If it happens, KRL and NRL will immediately gain access to BPCL's network of 4,500 retail outlets. Ditto for CPCL and Bongaigaon Refinery, whose products will get an assured market through IOC's 6,876 retail outlets. In addition, Bongaigaon Refinery will get a regular supply of imported crude through the proposed Haldia-Barauni-Bongaigaon pipeline. The Bongaigaon refinery has been operating below its 2.35 million tpa capacity for the last five years because of inadequate supply of crude.

It is not a win-win situation for the refineries alone. Downstream marketing companies also stand to gain from integration. They add to their product capacity and are assured guaranteed supplies of products, eliminating the need for maintaining huge inventories.

Take BPCL. With just one refinery of 6.9 million tpa at Mumbai, and a six-million tpa refinery yet to come up at Bina in Madhya Pradesh, there's a huge gap between BPCL's output and its marketing capacity. In 1999-2000, the company sold 18.86 million tonnes of petroleum products against a refinery throughput of 8.87 million tonnes.

Acquiring NRL and KRL's combined 8.5 million tpa capacity will help BPCL partly bridge this gap and offset the loss of CPCL's 6.5-million tpa output, when the latter is merged with IOC (CPCL and BPCL have a marketing tie-up right now).

Post-integration, BPCL's refining capacity will touch 17.37 million tpa, which is a much more comfortable position than at present, though it will still be product deficit. Assuming a 6-7 per cent growth in business, BPCL will need nearly 20 million tpa of petroleum products by 2002.

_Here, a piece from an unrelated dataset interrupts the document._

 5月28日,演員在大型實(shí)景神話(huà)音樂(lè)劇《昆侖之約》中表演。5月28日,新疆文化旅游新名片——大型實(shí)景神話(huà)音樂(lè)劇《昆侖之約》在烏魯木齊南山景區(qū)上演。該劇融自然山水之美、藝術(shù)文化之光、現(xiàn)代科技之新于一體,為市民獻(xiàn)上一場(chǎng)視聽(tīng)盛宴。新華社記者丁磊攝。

BPCL may also go slow on the Bina refinery project, a joint venture with the Oman Oil Company. With margins under strain and both India and the Asia-Pacific region facing a glut in production, the refinery business is hardly lucrative. While BPCL officially maintains that the project is on course, it is unlikely to rush it if it has other sources of supply.

Adding to the clout

The proposed alliances will also add to IOC's clout. The oil major has seven refineries that churn out 36.34 million tpa of products. Against this throughput, its retail outlets sell 46.05 million tonnes of products. Adding 9.35 million tpa from CPCL and the Bongaigaon Refinery will certainly help IOC partially fill the product deficit. Thakur, however, argues that given Bongaigaon refinery's low capacity, its acquisition will not help IOC substantially. IOC officials counter that given the poor demand in the North-East, the company can use the additional capacity elsewhere.

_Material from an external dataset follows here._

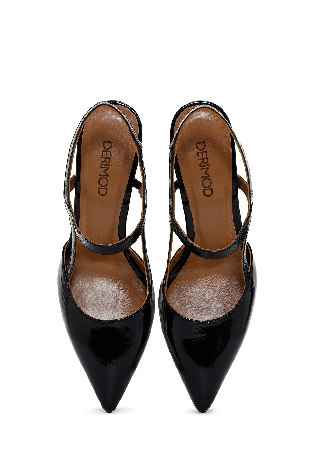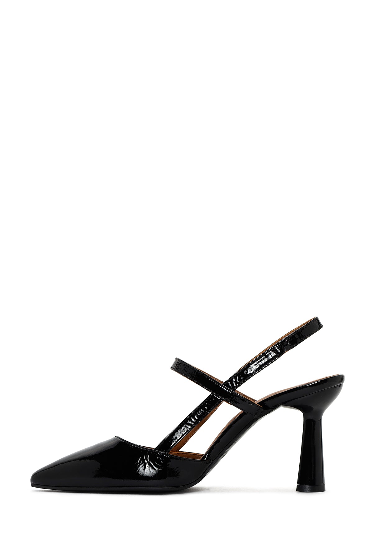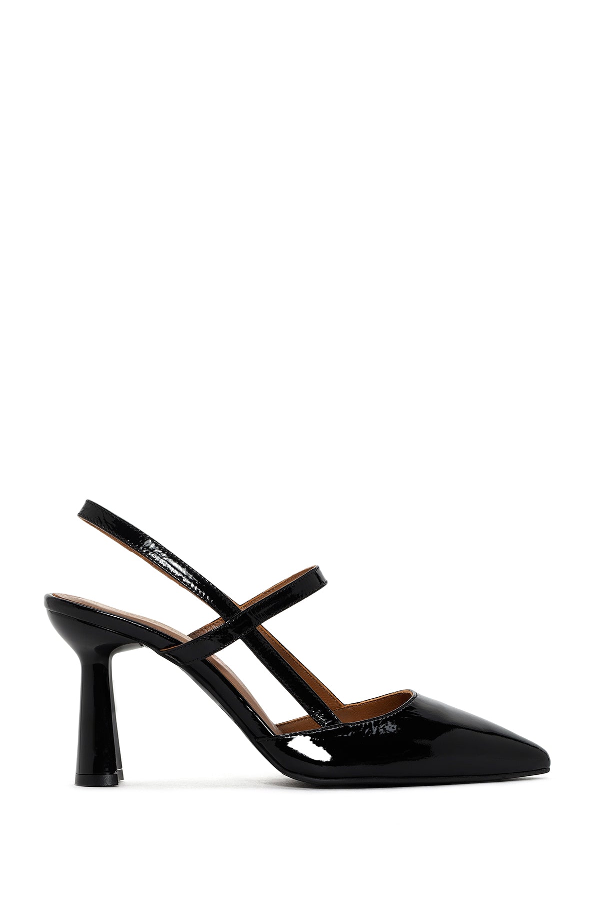 Kadın Siyah Arkası Açık Topuklu Rugan Deri Ayakkabı

But there are other advantages too. The company gets access to areas where it does not have much of a presence. Subir Raha, 52, Director (Human Resource Development), IOC, points out that acquiring CPCL will give the company a foothold in the south where it has no refineries at present.

Will all this fetch a better price for the oil PSUs? And will it help them take on competition? Analysts are sure that integration would push up the valuations of IOC and BPCL. Thakur points out that post-integration, the companies will have a larger asset-base and net worth. Berera agrees that the value will rise, but more due to better management than anything else.

The new-look PSUs, he feels, will also give domestic private players like Reliance Petroleum and Essar Oil a run for their money. Reliance, however, makes light of this. Says a company spokesperson: ''There's enough room for everyone.''

An analyst with Kotak Securities is less optimistic about the PSUs. He concedes that IOC has a larger refining capacity than Reliance's 27-million-tpa refinery at Jamnagar. But, he points out, the Reliance plant can refine any kind of crude. This flexibility can be very important in a liberalised market. Oil PSUs, with their old refineries, do not have this edge.

They will, therefore, have to seek advantages elsewhere, forming joint ventures with private players, and beefing up their marketing muscle. Both IOC and BPCL are doing this. That, combined with the integration plan, should place these companies in a position to face the challenges of a free market.